Barbar is the faculty director of Oregon State University’s cutting-edge NMR Facility. She and her colleagues pursue interdisciplinary research using NMR, and their work has strengthened the university’s reputation as a center for biological excellence. NMR, a powerful imaging tool, supports significant research on protein folding, gene discovery and biochemical structural informatics at OSU and in Oregon.

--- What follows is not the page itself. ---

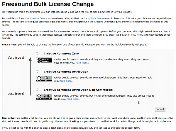 A large fraction (37%) of the community also wanted a public domain option (and fortunately we launched the CC0 public domain dedication in the interim). The image below shows what the Freesound 2.0 license migration options look like for existing users:

“The NSF project will use our 800 MHz NMR spectrometer and our expertise in intrinsically disordered proteins that is unique to OSU,” Barbar said.
Genesis of the project
The Barbar Lab recently published a paper on rabies virus phosphoprotein, fueling further inquiry on whether the SARS-CoV-2 pathogen has a phosphoprotein that is similar to rabies, and whether it binds LC8. Graduate student Heather Forsythe investigated and found that the N-protein has a similar architecture to the rabies virus phosphoprotein. The discovery paved the way for more focused research and literature review by Barbar and her students.
“My graduate and undergraduate students presented papers, worked on figures, and practically wrote the proposal,” said Barbar. Subsequent discussions of the project during the Biochemistry and Biophysics Department’s monthly Science Talks helped to generate enthusiasm and led to an expansion of the project with Hendrix and Cooley joining the collaboration.
Hendrix’s research utilizes bioinformatic approaches and data mining to understand connections between RNA and disease. Cooley studies protein transformation and phosphorylation using amino acid genetic code expansion — a rapidly growing protein engineering technology that has been developed by Oregon State biochemists.
“The team brings powerful complementary approaches to bear on understanding the biochemical fundamentals of N-protein that underlie any drug treatment or vaccine strategy,” said Barbar.